As long as the amount of float in the top pulley is a small fraction of the width between cogs, IMO, Shimano's approach is superior because it allows the chain to stay centered better and more quietly on a gear relatively well until a deliberate shift initiations derailment of the chain to another cog. As long as the float is a small fraction (e.g. less than 1/4th the gap between cogs) then an indexed shift will happen and complete just as fast. Yes, psychologically, some of us want to hear the grinding of chain on gears sooner. But the evolution to Hyperglide and more speeds on the rear happened very fast and a lot of it was due to pulley float along with ramps/teeth cutouts. The actual shifting these days occurs when the chain, under a lateral load by the top pulley reaches a release tooth (lower than most) and has a ramp that guides the chain to the next cog. We've all had that experience where we just missed that half rotation, and the crank slips a 1/4 turn or so and then we engage the next gear on a shift because we had to wait for the rear cassette to rotate a half turn over. So unlike the old days of heavy wear and tear requiring that we lighten our pedal stroke during shifts, a lot of riders are grinding hard and shift anyway, under load. I don't because I've grown up on the old school under friction shifting. But today's shifting has changed the way many newer riders approach shifting.
And I believe this is why Di2 has floating pulleys. Because it's going to shift for you and it leverages release locations on the cassette in conjunction with floating top pulley to allow the shift to happen under relative load without the need to lighten up much, but the cost of course is a slight amount of latency to get the shift lined up with cog tooth, ramp, and pulley ready. For some of us, I'm sure, this is bad because it seems less responsive.
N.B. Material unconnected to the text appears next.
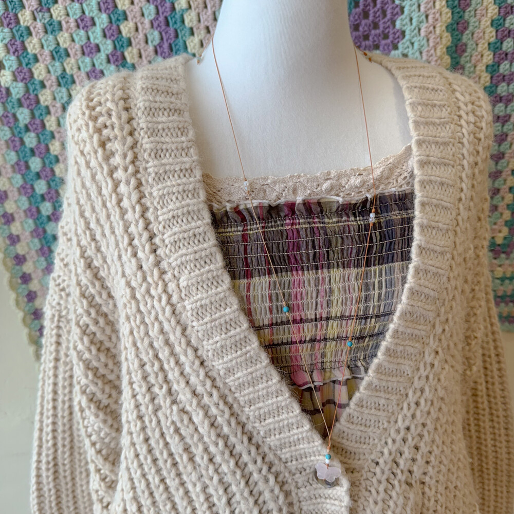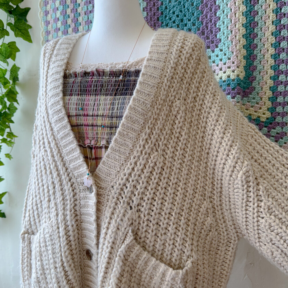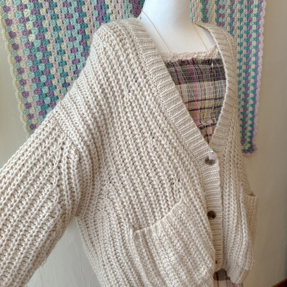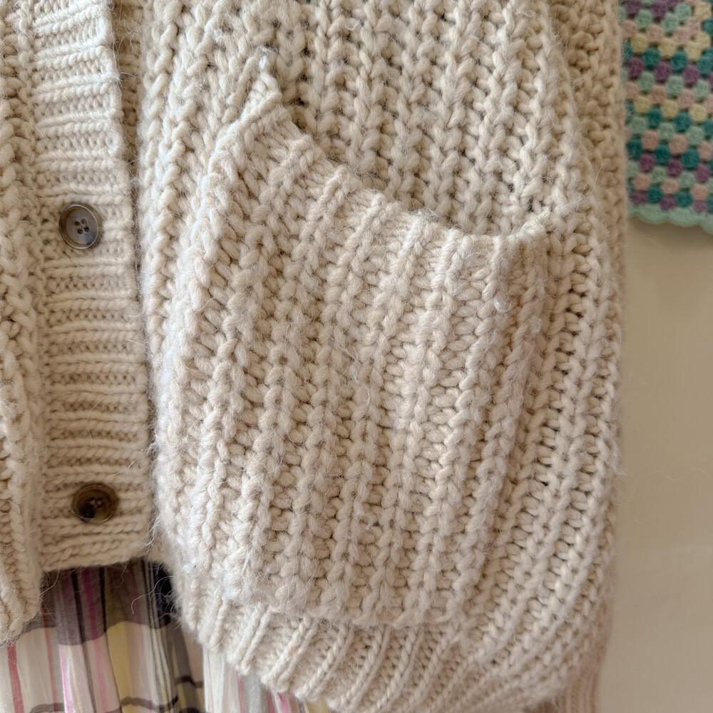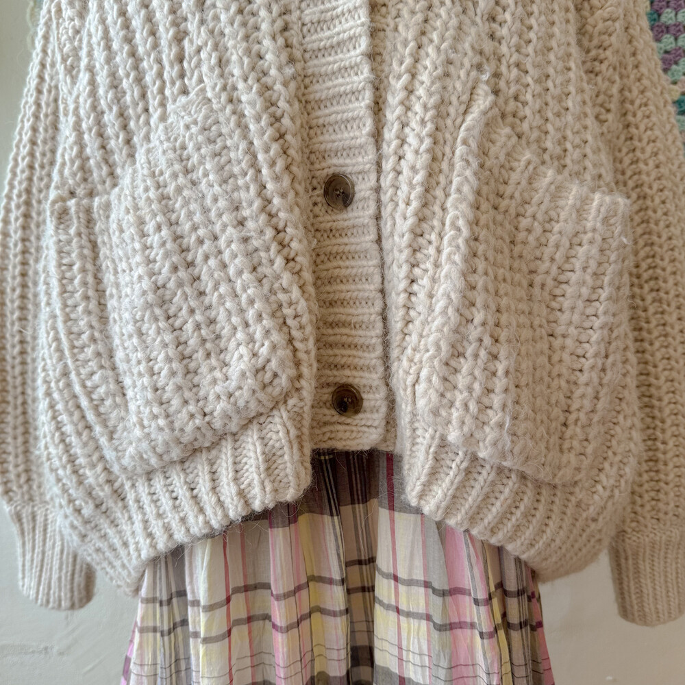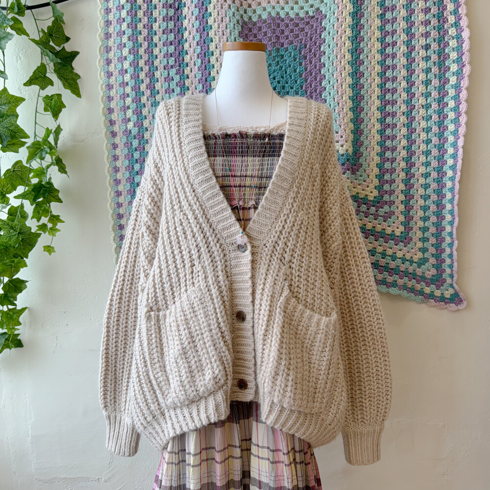 연베이지 색감의 브이넥 오버사이즈 가디건이에요

But I think that there is little advantage, even with top riders, to them shifting under load manually without pulley float. It only risks higher wear and lateral forces on the pulley and creates greater opportunity for misadjustment which would suck in the middle of a ride.
And one more thing that floating pulleys fix. Big riders with power going up a hill. Not all frames flex and reduce cable tension. But many do. And that's enough to really grind the gears and make noise.
In the end, the real test is how long it takes from initiation of shift to completion and how precise the adjustment has to be. I think Shimano's engineers have tested this and that's why they continue to have floating RD top pulleys. We could argue how the float might make shift initiation that much slower or reduce later load to applied to initiate a shift, but I think the design center around shifting has changed for all makers and we no longer truly derail chains so much as synchronize the shift with a location and ramp on the rear cog and allow the chain, with minimal side load, to be released to catch an adjacent cog. In this different design center, we don't need much side load, and we don't need to force the chain off one cog by rapid, forceful action. We just let it happen when the cogs line up twice per revolution in the rear for that to happen.
It's sort of like PCs and DRAM. We used to have chipsets with memory management that would page fault on a physical address request when it wasn't found in cache, and we'd randomly fetch that page. Then we evolved to have memory pre-fetchers, and now we have a synchronous bus that fetches memory every multiple clock cycles and only fetch pages memory, like every 12 or 15 ticks of the CPU. If you miss, then you gotta wait another 15 ticks or so. But overall, the speed of computers continues to go up. I would make the floating pulley akin to level zero cache. It holds data and instructions for the CPU and feeds the CPUs allowing it to keep pipelines full, meanwhile, page fetching occurs on a regular cycle to fill the cache but the cache keeps up with the CPU and keeps feeding it regardless. Question we're sort of asking here is if the cache has to be perfectly aligned to the CPU. And I ask how many cores does the CPU have and do they share that cache? We discussed all the possible things why Shimano put float into their top RD pulleys. Well, if multiple cores require coherent cache to pull data and instructions from, then it would be good to implement float so we don't thrash memory and TLBs and stall processors. Float is sometimes good.
Last edited by gyozadude; 07-02-13 at 04:35 PM.